24 - 26 August - Lisboa, Portugal
On the 24th August I took the train into Lisbon, got myself onto a hop-on-hop-off bus and explored Lisbon. Once again it was the old quarters that were most intriguing to me, and where I could wander around for hours.

The 26th arrived too soon and it was time for me to pack my bags and get ready to leave Portugal the following morning. Carlos arranged a lunch for us at the South African embassy in Lisbon. We were treated like real celebrities by the very nice group of South Africans who head up the office in Lisbon. Afterwards we stopped and had some small milk tarts before picking up my bike from the bike shop. My bike was all boxed and taped up, so I hoped all the necessary bits were going to be there when I opened it in Rio.

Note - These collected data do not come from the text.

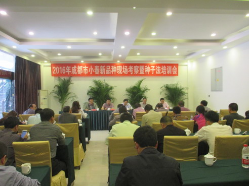4月27日,成都市在温江区召开2016年小春新品种现场考察暨种子法培训会。市农委总农艺师姚光贵、省种子站副站长梁南山出席会议,市种子站负责同志主持会议,市农技总站、市植检站等部门,中科院成都生物所、市农林科学院作物所等科研院所,二三圈层各区(市)县种子管理部门以及种业企业负责人参加会议。(成都市种子管理站 供稿)
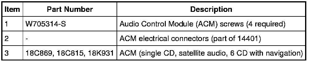 NOTE: It is not necessary to remove the Audio Control Module (ACM) to retrieve the part number. For additional information, refer to Audio Control Module (ACM) Self-Diagnostic Mode Audio Control Module (ACM) Self-Diagnostic Mode.
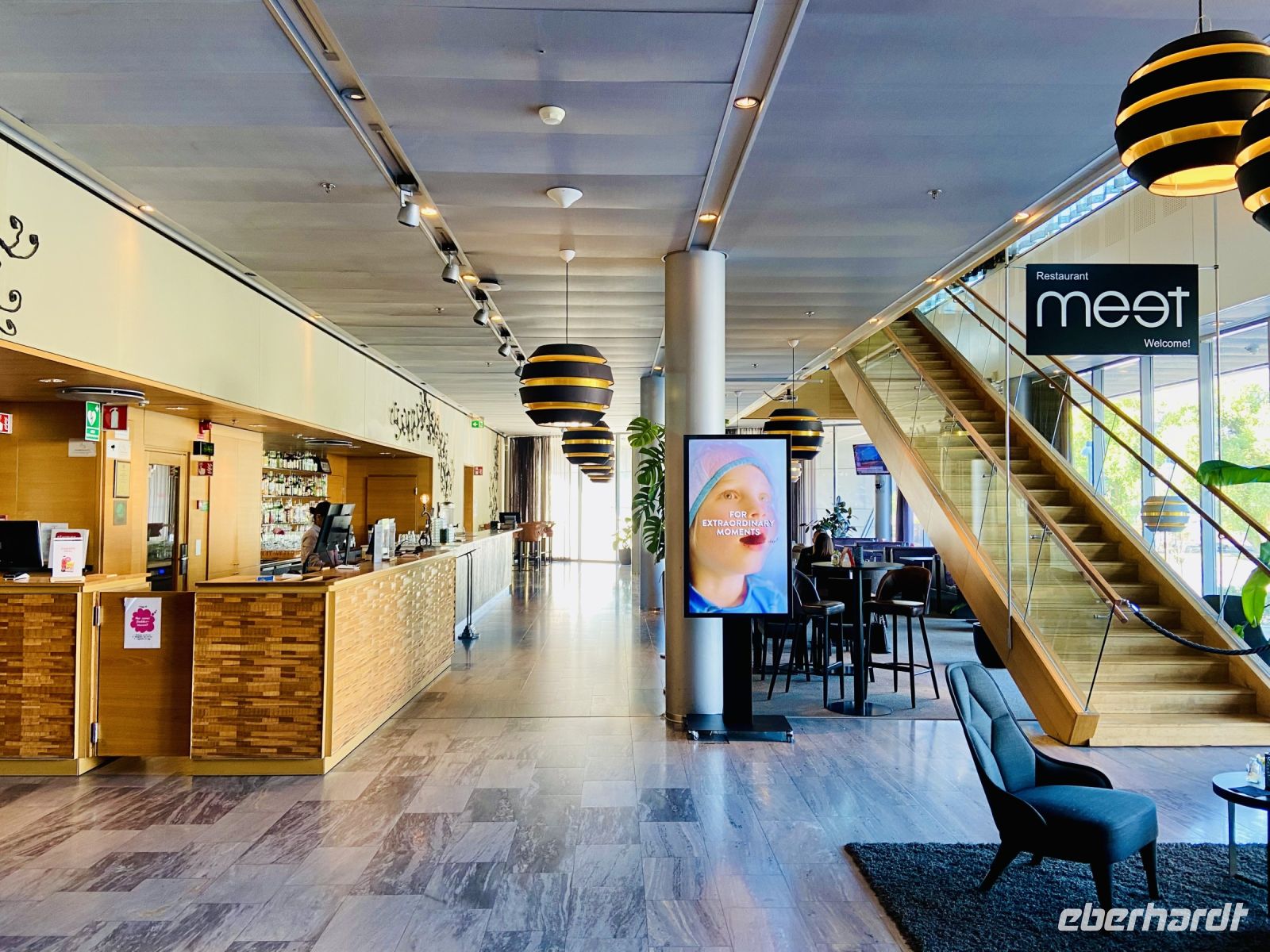 Der Himmel freut sich mit uns: Beim Abflug in Deutschland lacht die Sonne – und bei der Ankunft in Stockholm haben wir ebenfalls bestes Wetter. Nach einem entspannten Lufthansa-Flug erreichen wir gut gelaunt, voller Erwartung und Vorfreude die schwedische Hauptstadt – das Venedig des Nordens. Unser Gepäck kommt relativ schnell und auch der Weg vom Terminal 5 zum Busparkplatz beim Terminal 4 ist leicht zu bewältigen. Nach ca. 40 km erreichen wir unser Hotel Scandic Talk im Messeviertel. Geräumige Zimmer erwarten uns und wir haben Zeit für eine kleine Ruhepause oder einen ersten Erkundungsgang. Am Abend treffen wir uns im Restaurant des Hotels und besprechen den Ablauf des nächsten Tages, danach erwartet uns ein gemeinsames Abendessen. Extra für unsere Gruppe ist ein Buffet aufgebaut und wir können nach Herzenslust schlemmen.

That evening Carlos, Melody and myself went out to a local restaurant. I ordered the chef’s recommendation and landed up with an entire plate of meat - ha, ha – I thought it was going to be a stew!! Well, Carlos and I had fun with all the strange bits of meat on that plate. Melody was more sensible and ordered a seafood dish. At least I can now say that I have eaten pigs’ ears!!

27 August - Lisboa, Portugal – Rio de Janeiro, Brasil - By plane
I was up early and ready to depart for Brazil. Carlos was kind enough to take me to the airport. Things at the airport took much longer than expected: the queues were long and slow and I realised just why they require you to be at the airport 3 hours before departure.

I also had a nasty surprise as I had to pay an extra 150 Euros for the bike (no negotiations). That is a serious amount of money! After all the delays I only just made it in time for the 9h30 departure. Good thing I didn’t bargain on doing any shopping at the airport. I then settled in for the long, boring flight to Rio. It was a fairly old plane so there were no individual TV screens, only one small one in the front for the whole plane. Fortunately I had checked-in online and had a nice seat with loads of leg room.